Honesty and trust 95% (5% affected by gambling addiction), loyalty 99% strong work ethic 98%, persistence 90%, commitment 100%, and so on ...

So what am I saying – I guess it’s the old adage “don’t’ judge a book by its cover” particularly in times of crisis when the difficulties of gambling problems can seem to change the perspective and suddenly a person's weakness come to the fore.

This is the time to hold on to all you really know about that person — their strengths and weaknesses, at a time when too much focus on the problem may skew your view of them as a person. Take time to explore their skills, resources, ways of looking at the world. Find out what are their underlying values and how this helps them make sense of the world from their perspective.

Working as a counsellor I am constantly reminded that I often see people in crisis—like the fact that as a Social Worker in Aged Care I was constantly seeing the 7% of people who have difficulties with ageing - but one only had to take a trip to the bank on pension day to see the other 93% who were enjoying their later years to the fullest. I find myself trying to remember that in counselling and in my experience as partner of someone struggling with problem gambling in their lives.

The impacts of problem gambling do not negate all the realities of who they are first as a person, but reflects how some aspect of their self is struggling with a psychological/ behavioural problem. It is so easy for us to jump to the use of labels to deal with anomalies—families, friends and even work mates are sometimes too eager to define the person by the problem rather than see it as a component which may be difficult, but still only a small part of the total person.

As a counsellor, I am tasked by the client to assist them with that component of their lives and in doing so need to understand other aspects of them to develop a healthy wholistic approach to the problem. In addition, when I put on my community development hat, I am there side by side with others also dealing with the direct impacts on their lives, I am sharing a common issue of our times.

I am part of the problem as well as part of the solution, the way I think, act and use language around this problem can either enhance opportunities for change or continue to contribute to the stigmatisation of those affected. I can use language which empowers or diminishes the abilities of others and myself to address this issue, I can assist others in knowing about this disorder or I can join with their fears.

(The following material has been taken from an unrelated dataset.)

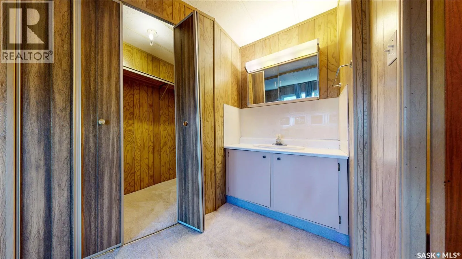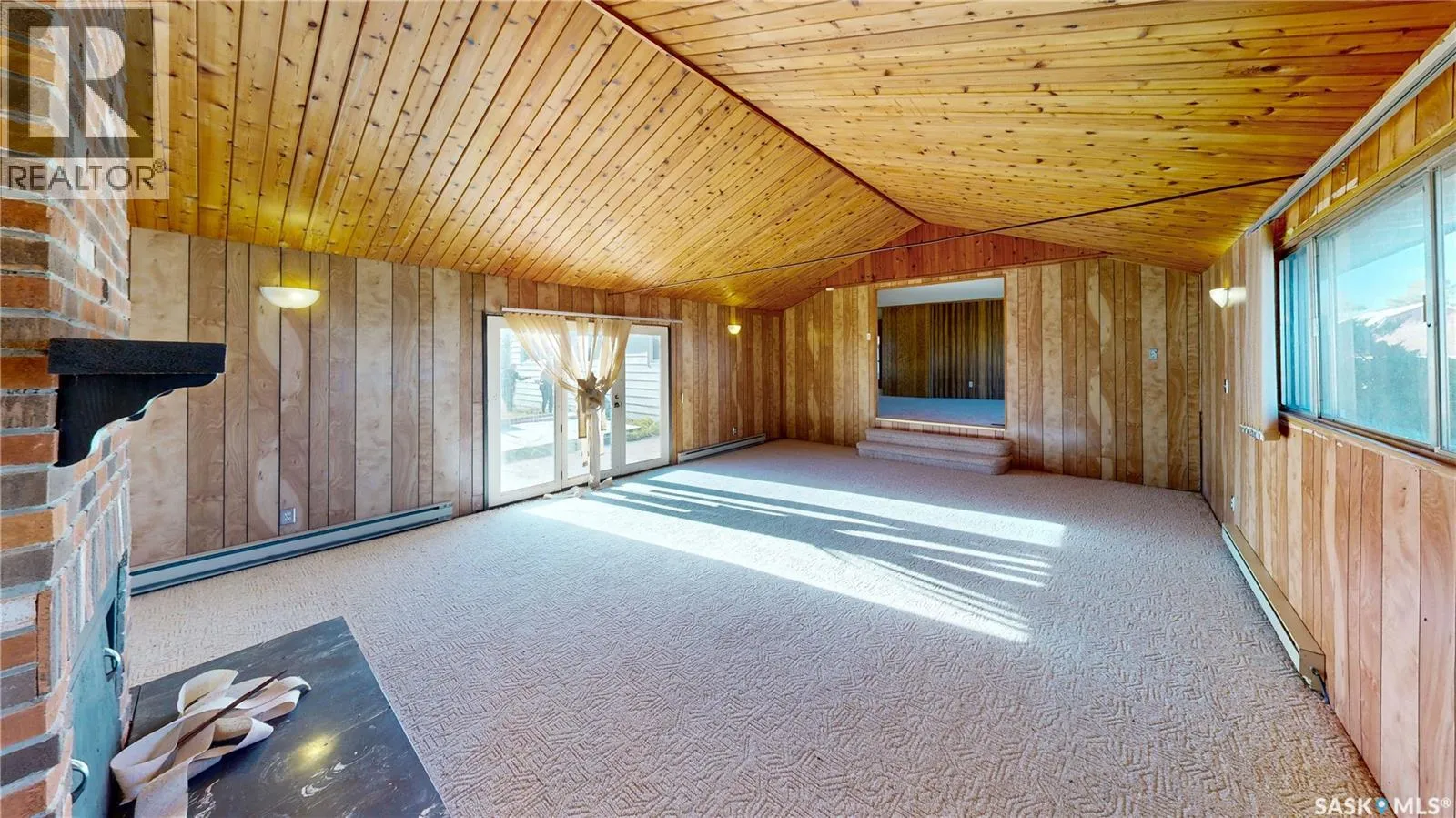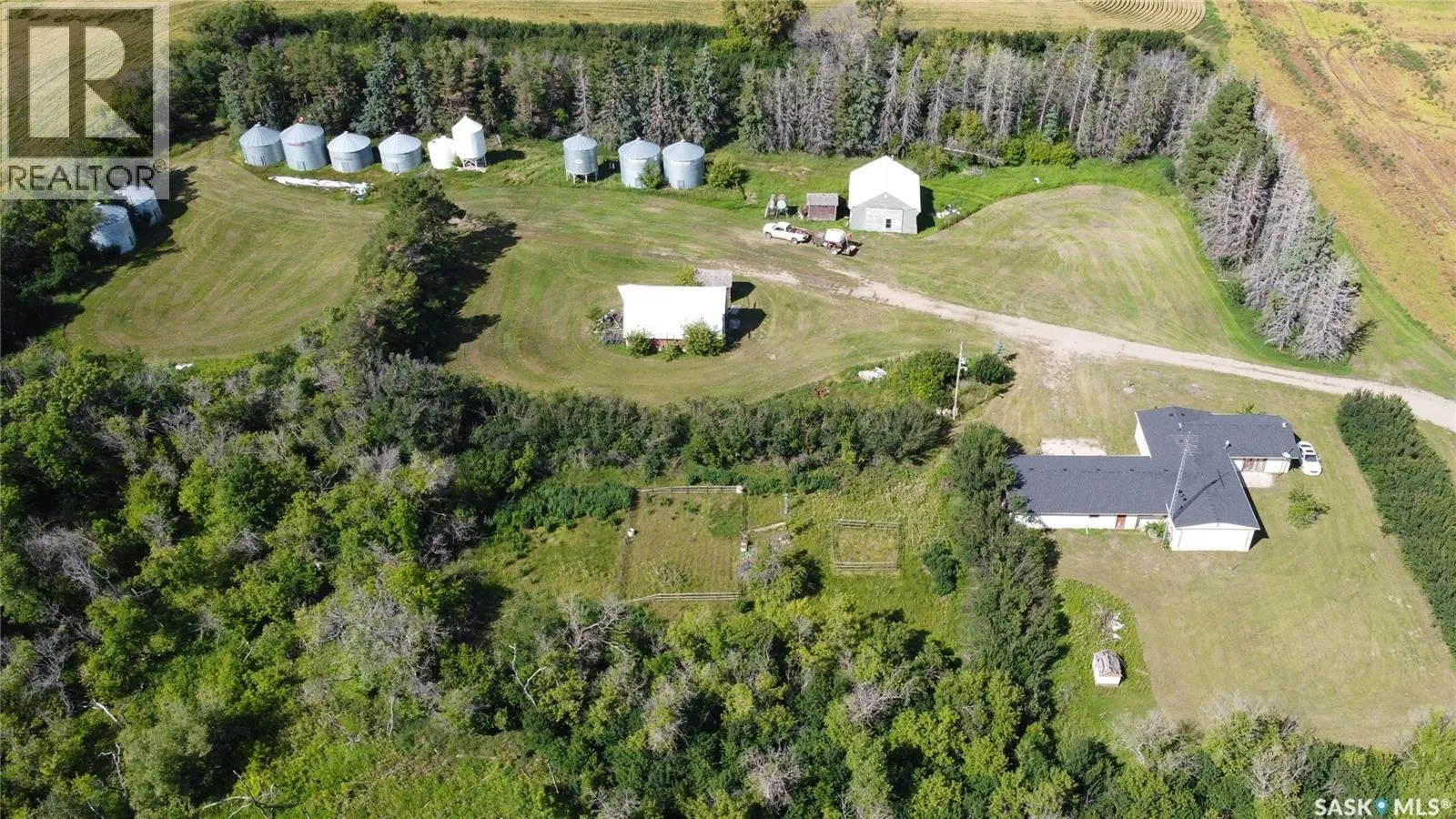 Portion of SE-18-27-22-2 - Pin location on realtor.ca is exact and correct Welcome to the Lakness Acreage nestled in the picturesque Last Mountain Valley. This 1977 built double wide mobile home has both a porch and family room addition bringing its total size to 2,160 square feet. The home has 3 bedrooms, 2 bathrooms and sits on a massive 13.97 sprawling acres of land close to the town of Govan Saskatchewan. The property is well-equipped for farming, storage, and working featuring a 26 x 36 barn, a shed, a 28 x 36 heated workshop, a double attached 24 x 26 garage and a single 14 x 26 garage! You enter the home into the huge mud room with two closets for your outdoor wear, access to the garage and handy storage cabinets. This will also be your future laundry room! Down the staircase is the partial, unfinished basement that houses the owned furnace and gas water heater. The kitchen has ample room for a smaller table and chairs, an island with bar eating and the fridge, stove and dishwasher are all included. The dining room has a built-in dry bar and has space for a table that will seat the whole family! Perfect for hosting large gatherings! The family room has a large bay window overlooking the yard that fills the space with natural light. A step down is the gorgeous additional living room with high ceilings, a wood-burning brick fireplace, and sliding glass doors that lead into the yard. Next are two bedrooms and the main 4 piece bathroom. Finishing off the home is the primary suite with a walk in closet, vanity and 4 piece en suite bathroom! This home also features central air conditioning and a 100 amp electrical panel, an updated roof as well as well water and a septic pump out. (id:27476)

Ultimately each of us is a reflection of our own value system, personal strengths and weaknesses. In using labels we seek to generalise the unique and in doing so run the risk of contributing to the marginalisation of a group of individual people affected by a problem by defining them by their shared problem rather than exploring their uniqueness first.

As in food, you can get a general picture from the label on the front but you need to read the list of ingredients on the back to really know what you are getting.

Kate Roberts is a Social Worker/Gambling Counsellor with Nowra Community Health Service and Chairperson of the Gambling Impact Society (NSW).